COUNTING-SORT(A, B, k)
1 for i ← 0 to k
2 do C[i] ← 0
3 for j ← 1 to length[A]
4 do C[A[j]] ← C[A[j]] + 1
5 ► C[i] now contains the number of elements equal to i
6 for i ← 1 to k
7 do C[i] ← C[i] + C[i -1]
8 ► C[i] now contains the number of elements less than or equal to i
9 for j ← length[A] downto 1
10 do B[C[A[j]]] ← A[j]
11 C[A[j]] ← C[A[j]] - 1
It works well, but still there is room for improvement.

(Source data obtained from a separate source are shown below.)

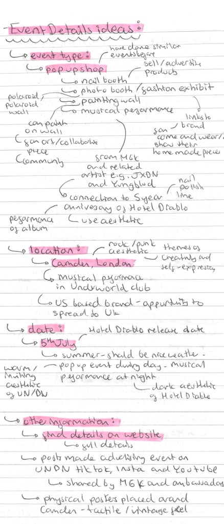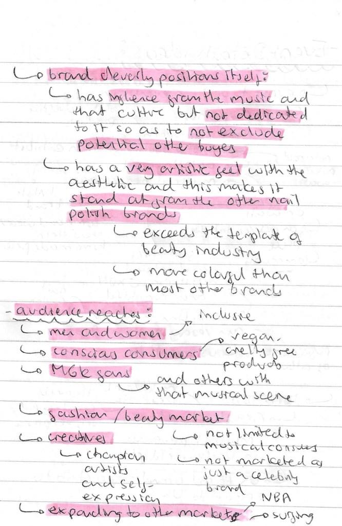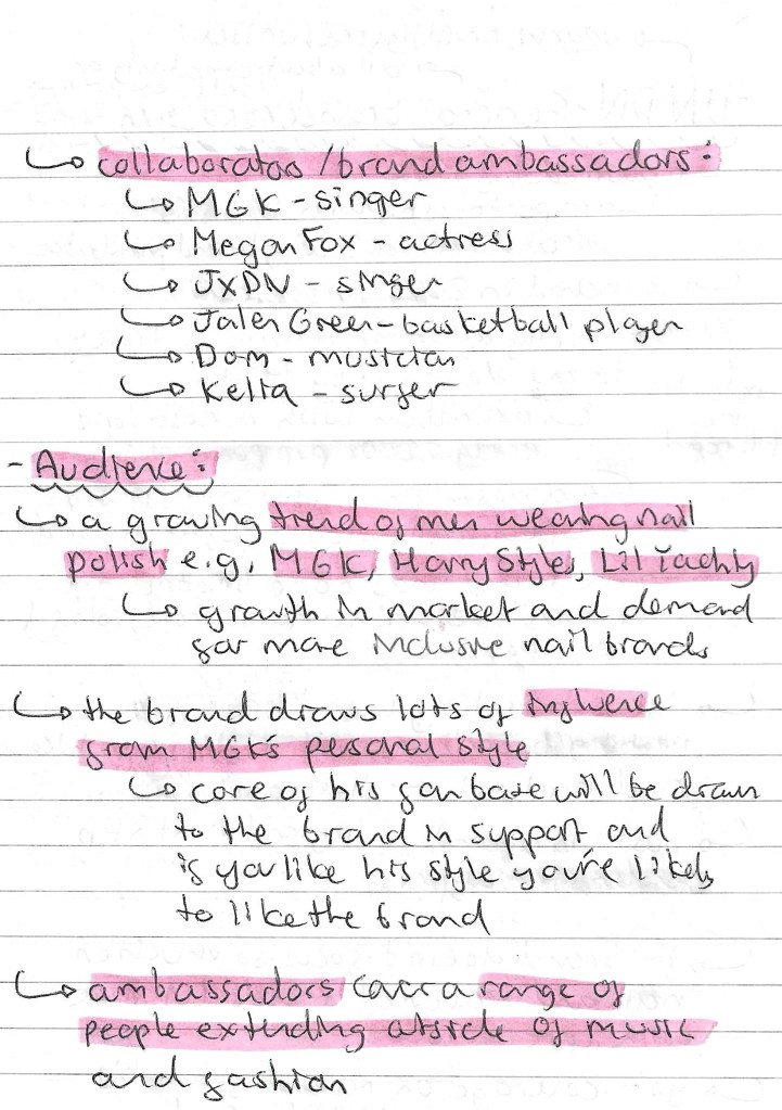 Audience: an important area of research for this project is to look at the audience for the brand and event. This is key as I will need to target all my advertising to this audience so I need to understand who they are and what they will like. The brand has a clear aesthetic and visual identity but cleverly positions itself in the market to attract attention and interest from a wide ranging audience. A simple way they do this is by having brand collaborators and ambassadors for different demographics and industries. Another way they they wider their potential consumer base is by clearly stating that it’s a unisex nail polish brand. Most nail polish companies target their products to women, excluding a potential male audience. There’s a growing trend of men wearing nail polish so this progressive move is clever from the brands perspective. This dude ranging audience means I have lots of creative freedom in my project. More details on their audience are below: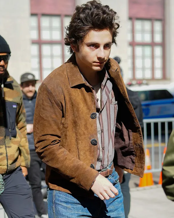 Bob Dylan A Complete Unknown Timothee Chalamet Brown Jacket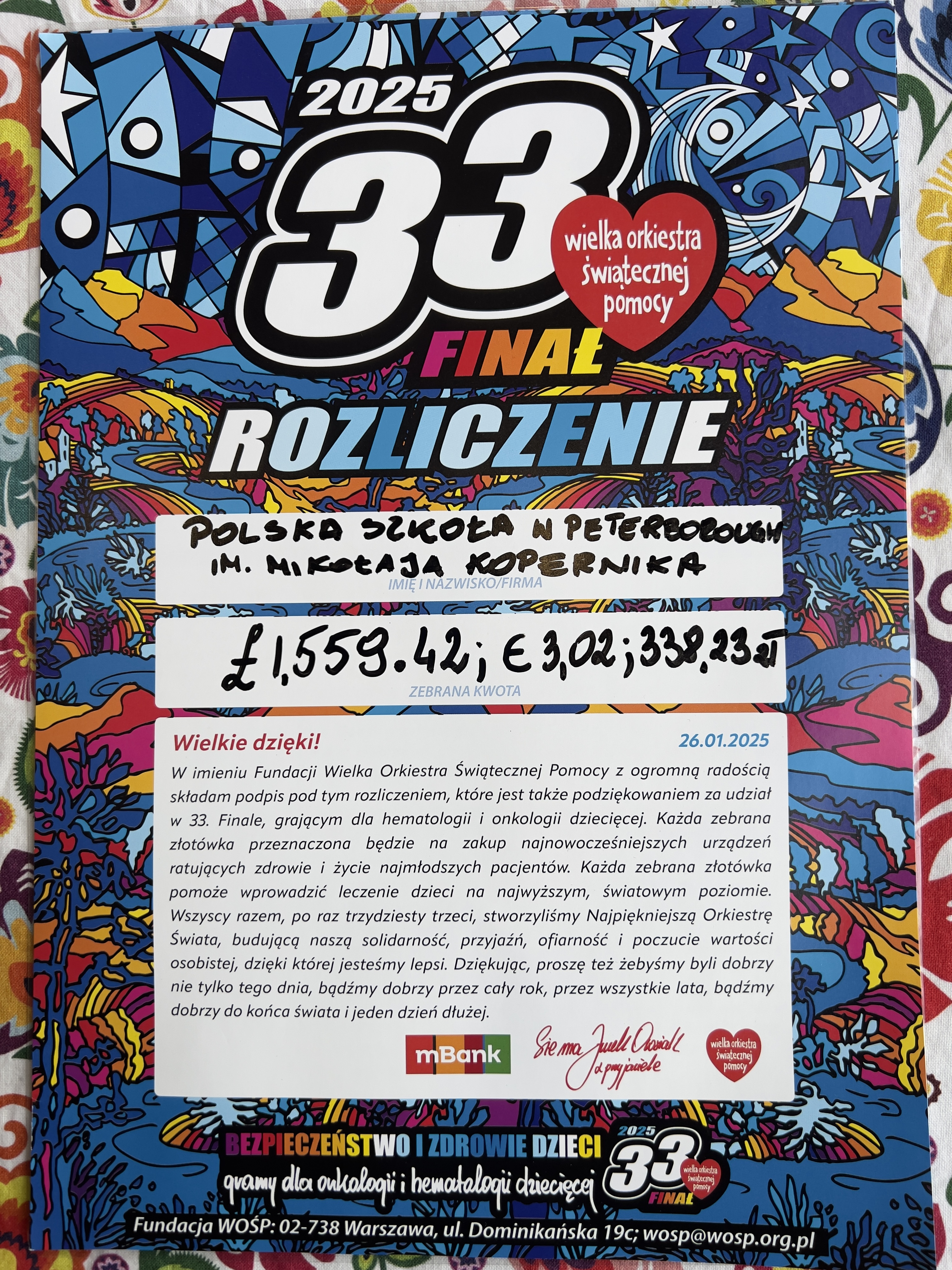 🎉❤️ Oficjalne rozliczenie 33. Finału WOŚP w naszej szkole! ❤️🎉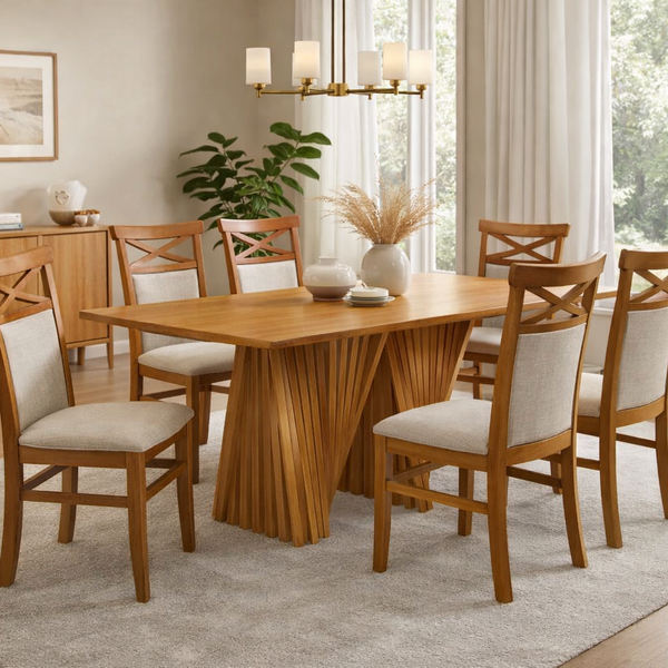 Ideal para salas de jantar modernas, sofisticadas ou de inspiração natural, este conjunto transforma o espaço em um ambiente convidativo para receber família e amigos.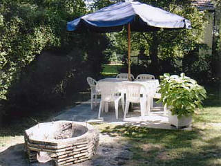 mit Garten, Terrasse und Pool. Das Ferienhaus befindet sich an der Grenze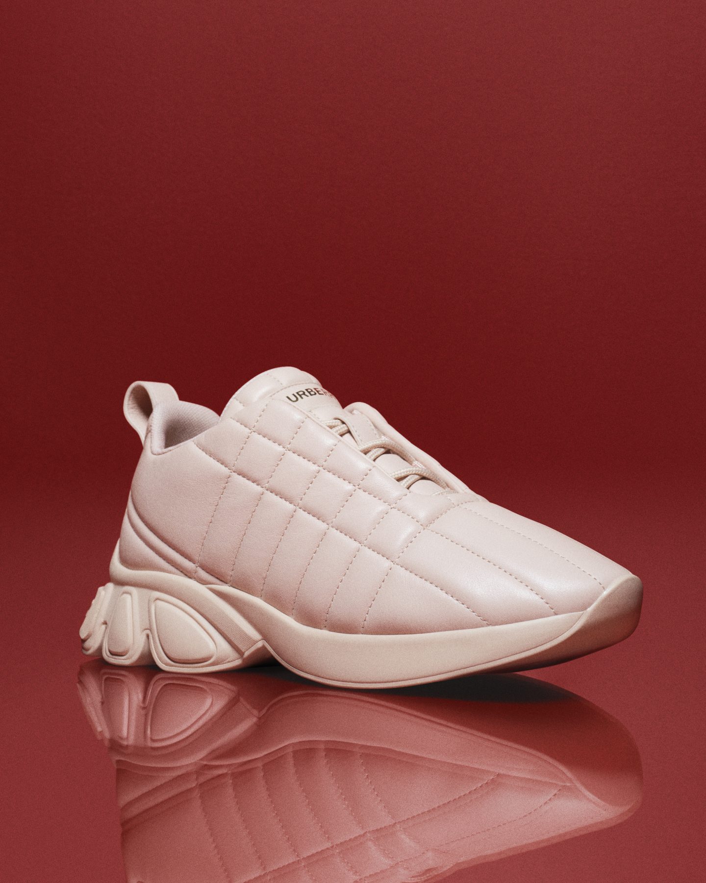 Classic 運動鞋流線型版型,在超輕鞋底上選用絎縫皮革鞋面。相比之下,厚實運動鞋由皮革、麂皮和科技材質混製而成,綴有 Burberry 立體徽標。簡約平底涼鞋和尖頭低跟、細高跟鞋採用黯淡粉紅色皮革, 飾有Thomas Burberry 花押字。
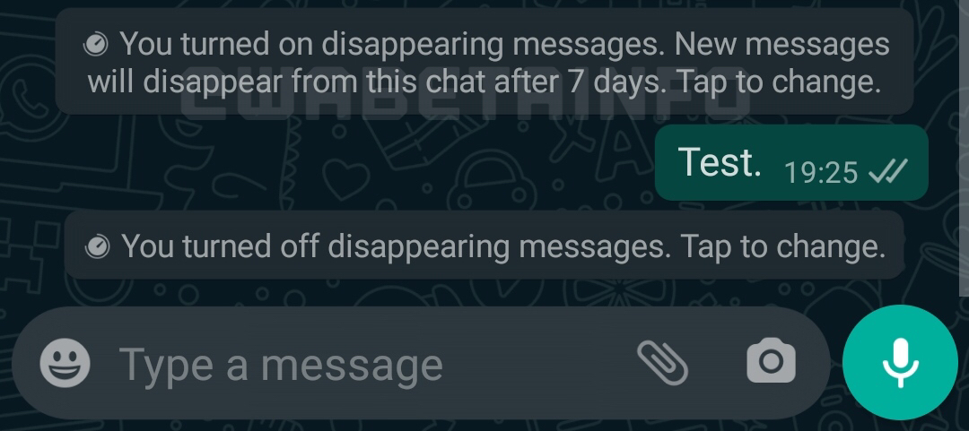 - se il messaggio inviato nella chat in cui sono abilitati i messaggi effimeri non viene letto entro 7 giorni, sparirà automaticamente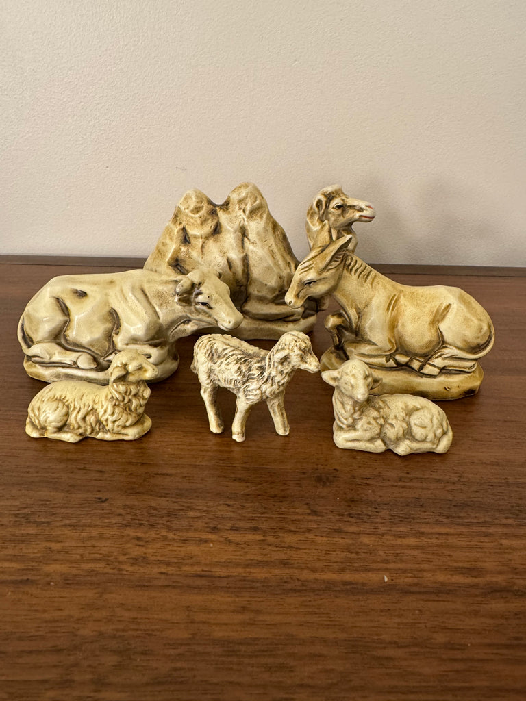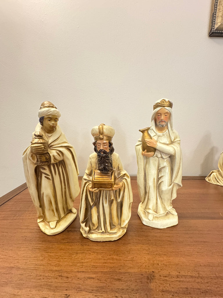 Discover a charming Vintage circa 1960s Nativity Set from Japan, crafted from exquisite papier-mâché and featuring a beautifully handmade and painted wooden manger. This unique piece will add a touch of warmth and authenticity to your holiday decor.

Below is another version that makes counting sort a bit more faster:
COUNTING-SORT-2(A, B, k)
1 for i ← 0 to k
2 do C[i] ← 0
3 for j ← 1 to length[A]
4 do C[A[j]] ← C[A[j]] + 1
5 ► C[i] now contains the number of elements equal to i
6 n = 0
7 for i ← 0 to k
8 for j ← 1 to C[i]
9 do B[n] ← i
10 n ← n + 1
Start from line 6 is where the two implementations differentiate.
when no optimization is taken into account.
In COUNTING-SORT line 6 to line 11 takes:
k + len(A) * 2 assignments, and k + len(A) pluses
In COUNTING-SORT-2 line 6 to line 10 takes:
len(A) * 2 assignments, and len(A) pluses
The two implementations both cost
$$\Omega(len(A))$$
but in the latter the constant k is eliminated.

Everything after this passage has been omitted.